The New Data Lakehouse: One Size Doesn’t Fit All Yet

Vendors are fairly predictable creatures. Any given vendor will tell you that their new tool will solve virtually all one’s problems; just keep on explaining your problems to the vendor’s rep until they can frame the proper arguments to convince you. Additionally, their new tool will likely support the brand-new framework that you don’t yet understand because it is still being developed—but the new tool will be there. Get on board or get left behind. Case in point: The data lakehouse framework has any number of vendors offering tools that an organization must have to do a data lakehouse properly.

A New Framework

The data lakehouse is a merging of the organization’s data lake and data warehouse into one platform, eliminating data redundancy and loss of time moving data around from one place to another.

Is this newest data savior really better than all the data saviors of the past? Detractors suggest that a data lake with big data flowing in—while a valu­able tool in the chest—is actually of limited use. The limitation is the result of the most important transactional data still being created and managed in highly structured, often relational, sources. And while these transactions are high volume for the organization, that overall volume may be fairly modest in quantity.
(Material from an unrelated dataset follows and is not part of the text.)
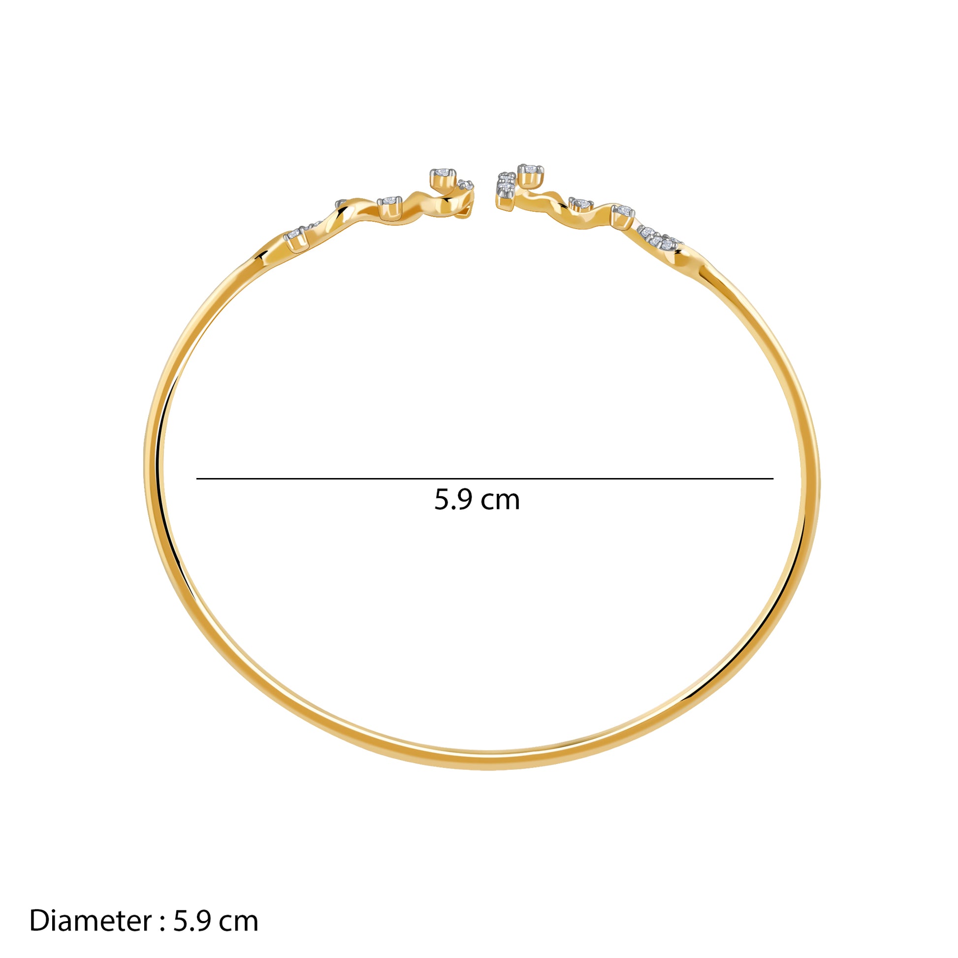 This pure gold bangle for women features an open cuff design, with the ends stylised, wavy pattern, reminiscent of a heartbeat or a flowing line. Lab grown diamonds further accentuate the unique contemporary design.

“Unstructuring” the data from these operational sources into JSON or something else so that users can run their structured queries and structured reports is potentially what can be considered a solution to a nonexistent problem (except, of course, for the big data/data lake vendors’ “problem” of how to expand their customer base and usage).

Different Needs

One difficulty with having all the data in the data lake, yet not having multiple copies of this data, ultimately concerns the users. Today, different users relate to the data in differing ways. The non-data scientist still has simple needs and perspectives. Simple data structures, such as star schemas, are easily relatable to this class of users. Views, or their equivalent, can provide translations to show data to these users, but such views may or may not provide reasonable performance. In addition, the base structures may not support the right kind of necessary historical change activity.

Data may need to be duplicated to address presentation and change activity. And if it is duplicated, a data virtualization tool can help make the data’s physical existence a moot point. Is it in the data lake or a relational data warehouse? Who needs to care? If we assume technological advances will one day allow infinite performance, perhaps a day will come when operational data does not even need to be moved from its original operational source, and both operational and analytical queries can be executed in place.

Organizational Analytics Requirements

We may have a bit of a wait until a data lakehouse can smoothly answer the entirety of our organizational analytics needs. Maybe, by that time, yet another framework will be desired. Solutions still need to evolve to a point where data structures are virtually meaningless, but that day will come.

Our storage and processing capacities may rise so that they are virtually infinite, and all that needs to be done is to logically stitch the pieces together in a metadata repository of some sort—and all data users will be able to query and obtain their answers quickly and correctly. However, the path to such a future is filled with a much better and deeper understanding of our data along with a consistency in implementation that, as a society, we have never encouraged before. Clever workarounds and shortcuts implemented across our data solutions will need to die off for the greater good. The idea that any new tool or framework can simply sidestep this deeper understanding is shortsighted at best.